Another important aspect is the correct replacement of mineral salts during ketosis since when the stored glycogen is used, electrolytes will also be lost. Therefore, correct hydration and adequate consumption of vegetables it is essential during the ketogenic diet.
The amount of carbohydrates necessary to enter ketosis is one of the biggest doubts among those who want to start with the ketogenic diet. The values are highly variable between individuals and can vary between 20-50 grams daily carbohydrates in most cases. However, individuals with high sports activity may be consuming higher amounts of carbohydrates and opening the doors to ketosis as well.
In addition, the time required to achieve the state of ketosis is also very different between individuals and can vary from a few days to several weeks. For all this, it is important to carry out the ketogenic diet properly and through the advice of a dietitian or nutritionist whenever possible.
Can the ketogenic diet be problematic?
This question becomes common when we talk about the ketogenic diet, and the short answer is yes. That is, the ketogenic diet could be problematic for your health just like any other model incorrectly applied power supply.
However, if we delve into the answer, we will see that scientific evidence increasingly yields more positive conclusions on the benefits of the ketogenic diet for weight loss. Various scientific studies have shown that the ketogenic diet is effective in reducing appetite and controlling body weight, which is why it is currently presented as a more than valid tool for the specific goal of weight loss in overweight and obese people. But be careful, this must be done under very specific conditions and under the supervision of a professional to avoid possible risks associated with poor planning.
The correct use of the ketogenic diet
Adherence to the ketogenic diet —that is, how easy it is for the user to follow this diet— seems to be one of its most difficult points. While some people tend to quickly become accustomed to carbohydrate deprivation in the diet, others often encounter great difficulties and they choose to reject this type of diet.
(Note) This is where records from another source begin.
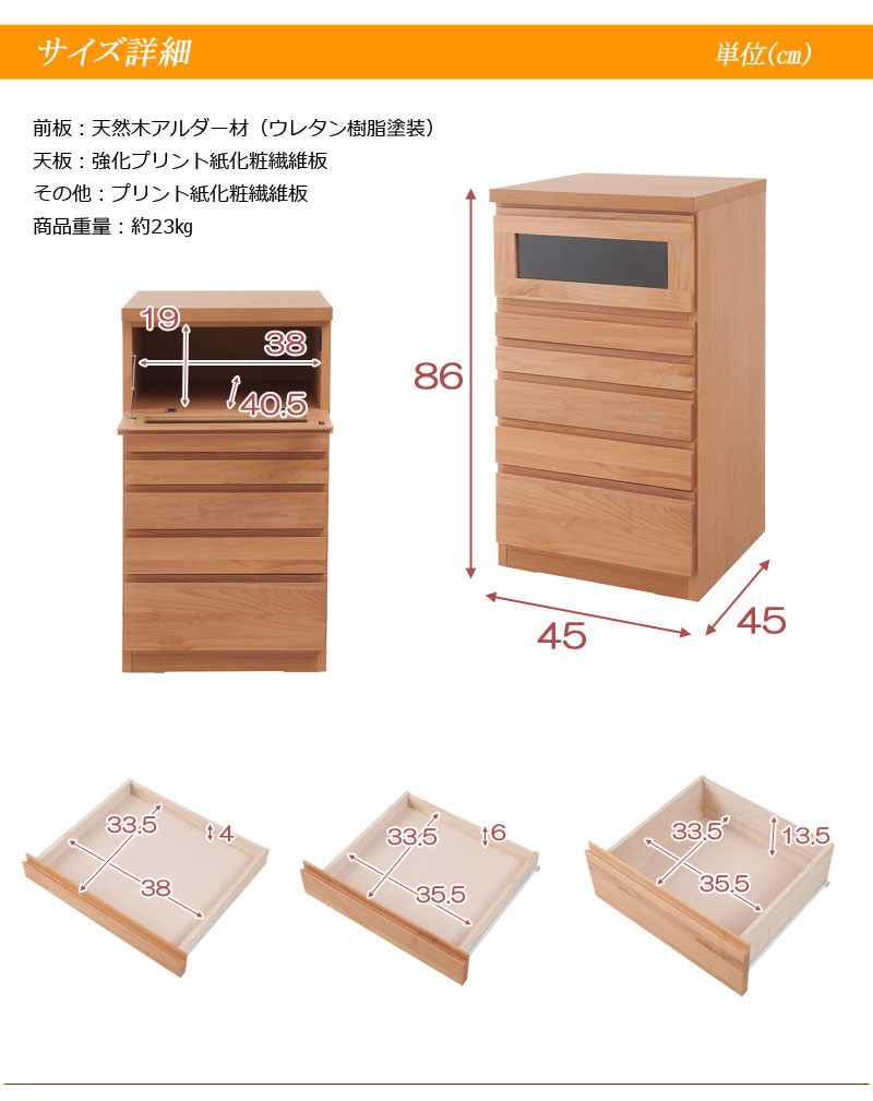 ■商品の仕様/前板:天然木アルダー材(ウレタン樹脂塗装) 天板:強化プリント紙化粧繊維板 その他:プリント紙化粧繊維板
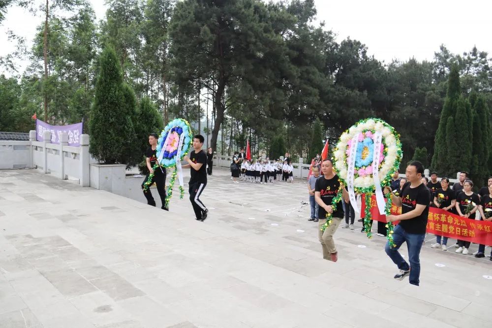 清风寄哀思,翠柏传敬意。在庄严肃穆的乐声中,向革命烈士敬献花圈。敬献花圈结束后,全体党员干部默哀三分钟,表达对革命先烈诚挚的敬意和深深的怀念。默哀毕,在纪念碑前,全体党员干部面向鲜红的党旗,重温入党誓词,铮铮誓言无不彰显共产党人的使命和担当!随后面向着纪念碑,集体朗诵《缅怀烈士诗歌》。最后全体党员绕革命纪念碑一周,依次将鲜花摆在纪念碑前寄托哀思。
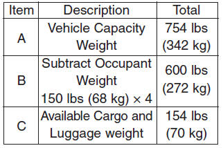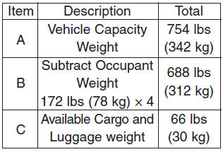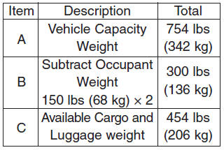 The combined weight of the driver, passengers and cargo should never exceed your vehicle's capacity weight.
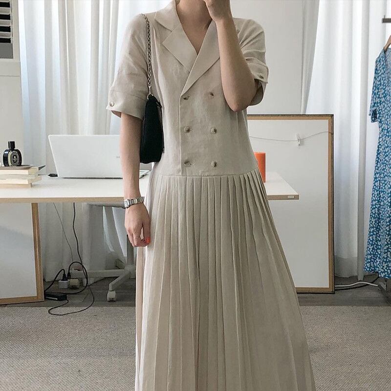 新品 ♡ダブルブレスト♥カワイイ♥半袖スリーブプリーツロングスカート ショート ⦿韓国 オルチャン K-pop アイドル ジャケット スーツ ワンピース カーディガン ニット フーディー トレーナー キャミソール スカート シャツ ブラウス 5A8253121
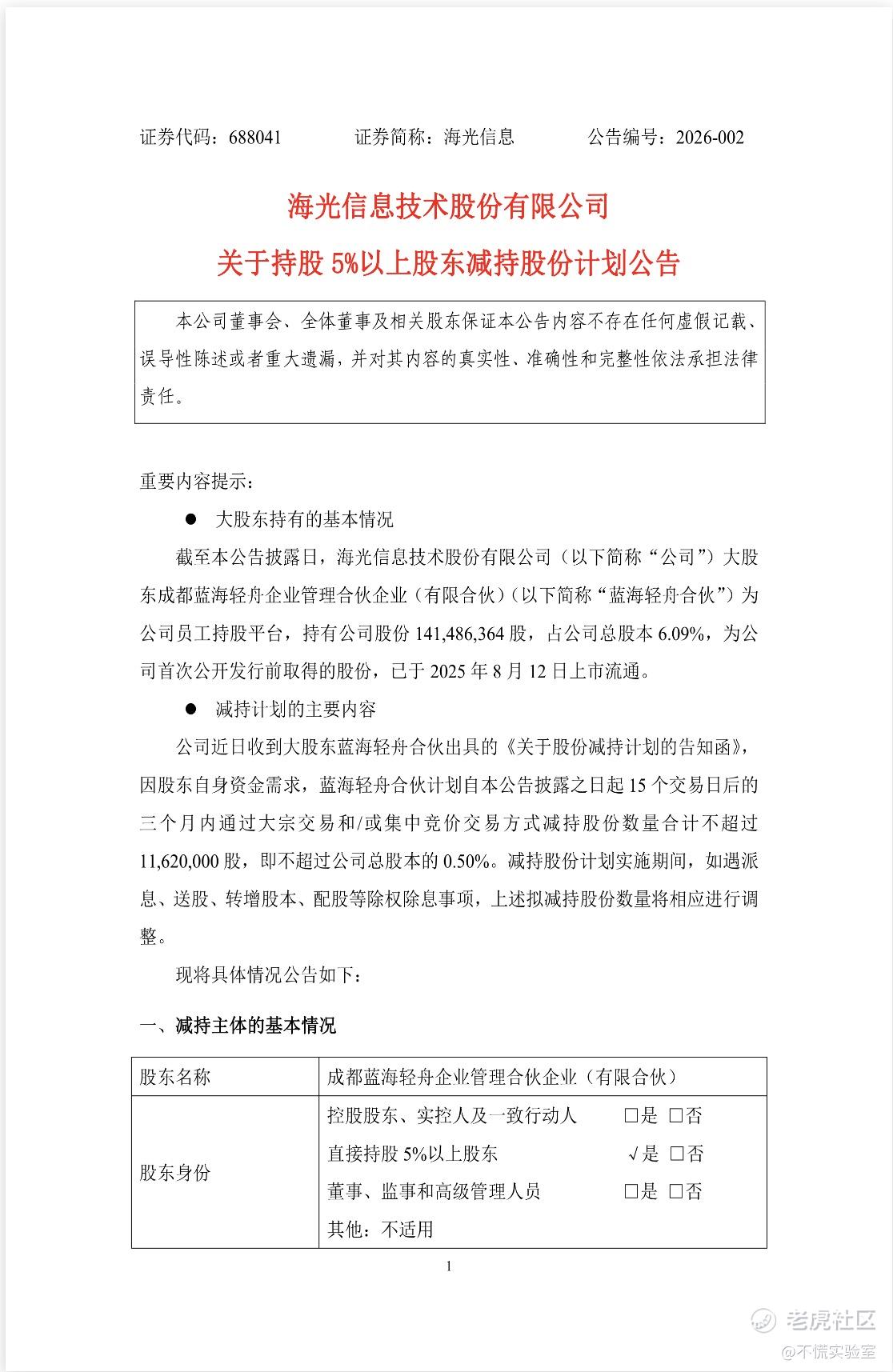 2026年1月22日,海光信息发布减持公告,持股6.09%的第四大股东蓝海轻舟因自身资金需求,计划减持不超过公司总股本0.50%的股份,减持股份均为首次公开发行前取得。
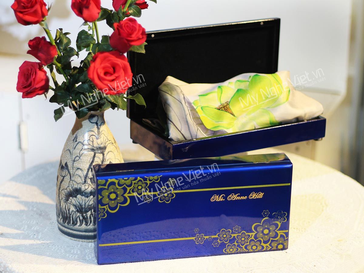 Tại Mỹ Nghệ Việt, chúng tôi có khăn lụa vuông tơ tằm với họa tiết khăn lụa vuông truyền thống như hoa sen hay chim lạc, phù hợp cho phong cách chuyên nghiệp.
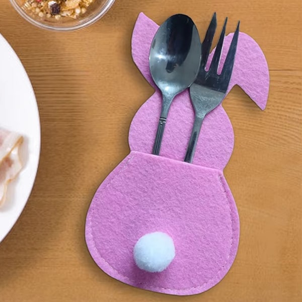 Матеріал: Високоякісний фетр Розміри: 15 x 8,5 см Кольори: Блакитний, рожевий, жовтий, фіолетовий Комплектація: 4 x Підставки для столових приборів у формі кролика
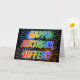Dieses lebendige, bunte und lustige Geburtstagskarten-Design beinhaltet die Nachricht "HAPPY BIRTHDAY" und den gemeinsamen Vornamen "JEFFERY" mit den Buchstaben mit einem farbenfrohen Regenbogenspektrum wie Farbverlauf. Der Hintergrund der Vorderseite weist auch ein farbenfrohes Muster auf, das durch das Aussehen von berstenden feierlichen Feuerwerken inspiriert wird. Im Inneren befindet sich eine anpassbare Grußmeldung, oder vielleicht kann gelöscht und links werden, wenn eine Nachricht von Hand geschrieben werden soll. Eine solche Grußkarte könnte eine lustige Art sein, eine personalisierte Geburtstagsbotschaft an jemanden namens Jeffery zu senden. [~Z0000350]
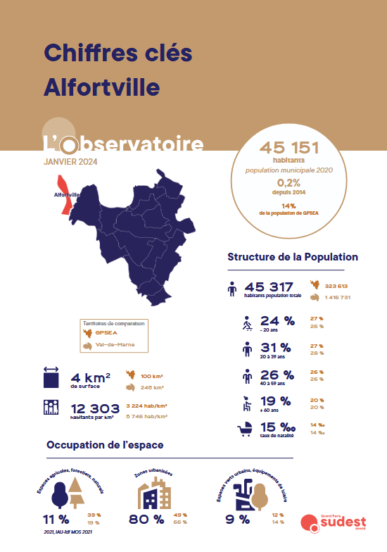 Ce document rassemble les chiffres clés des communes du territoire de Grand Paris Sud Est Avenir (GPSEA), classés par ordre alphabétique et actualisés en janvier 2024. Conçu par la Direction de l’Observatoire à partir des données de l’INSEE et de l’IAU, il offre un panorama détaillé de chaque commune : évolution démographique, structure de la population, occupation de l’espace, logement, emploi, revenus et tissu économique.
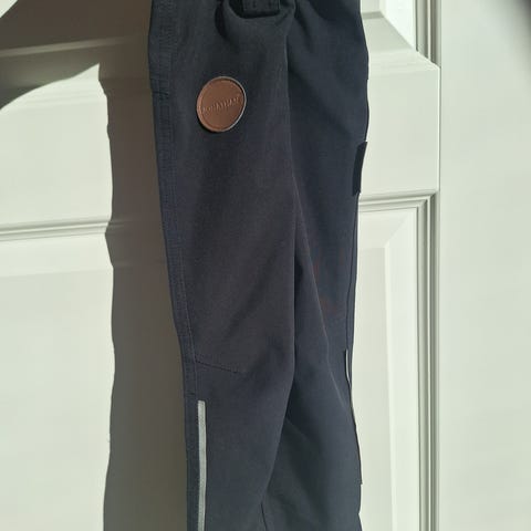 Lasten vk ulkohousut, koko 100cm. Väri musta, unisex-malli. Housuissa on joustava kuminauhavyötärö ja toisessa lahkeessa heijastinnauha.
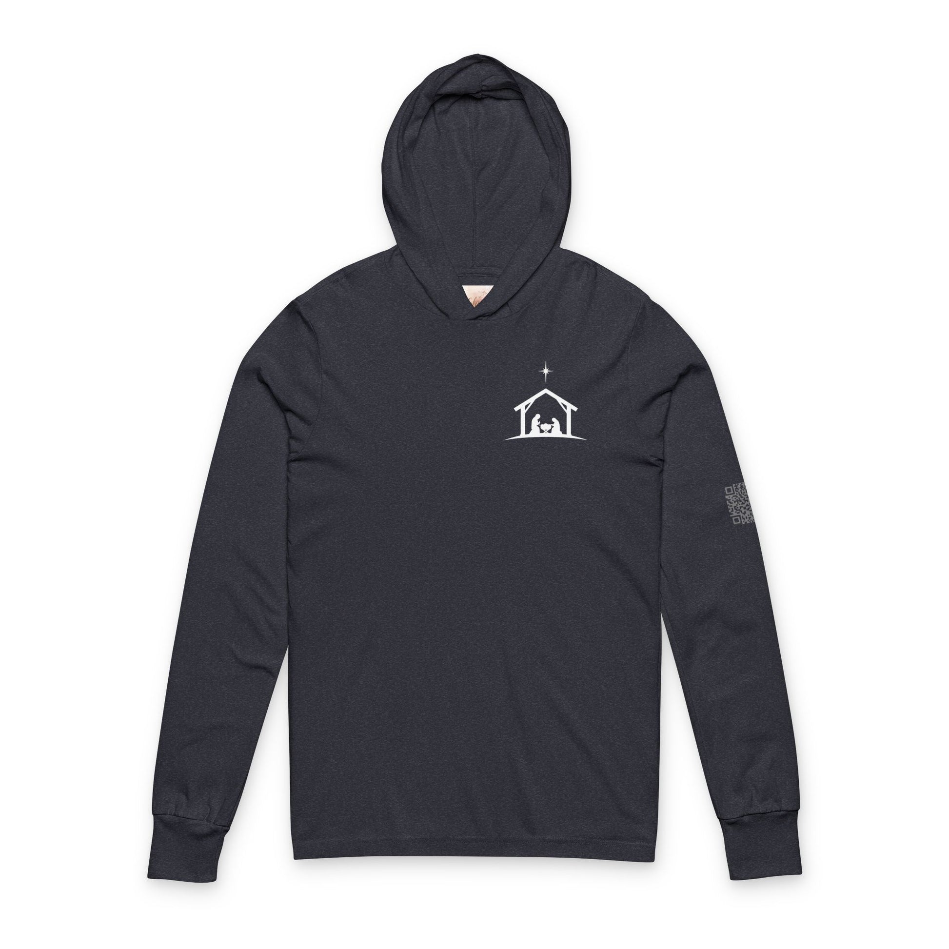 Lightweight hooded long-sleeve tee designed for quiet moments and gentle witness. The simple nativity emblem on the chest and the subtle text across the back—Still Emmanuel, God With Us—feel like a soft reminder to breathe, reflect, and gather close. Wear it layered over a tee or under a jacket on cool mornings as you head to a candlelit service, weekend coffee catch-up, or an intimate family celebration. The muted design keeps the message humble and wearable, while the hood and long sleeves add a calm, cozy edge that fits both church nights and slow Sunday mornings.
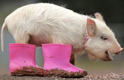 Gambar foto babi lucu menggemaskan sepatu boots | Download Foto Fb HD

Therefore, today we know that the ketogenic diet is not for everyone.
In addition, the ketogenic diet is not usually – and should not – be used as a permanent or long-lasting eating style, but rather as a pointed tool was to meet specific objectives. In fact, some nutritionists consider the temporary use of the ketogenic diet valid in those people who have more difficulty losing weight and who have already gone through other diets that have not brought them positive results.
We must consider the ketogenic diet as one more tool, aimed at weight loss, without classifying it as a definitive diet or miracle that promises results at all costs. Only in this way can we take advantage of its full potential with scientific evidence in hand.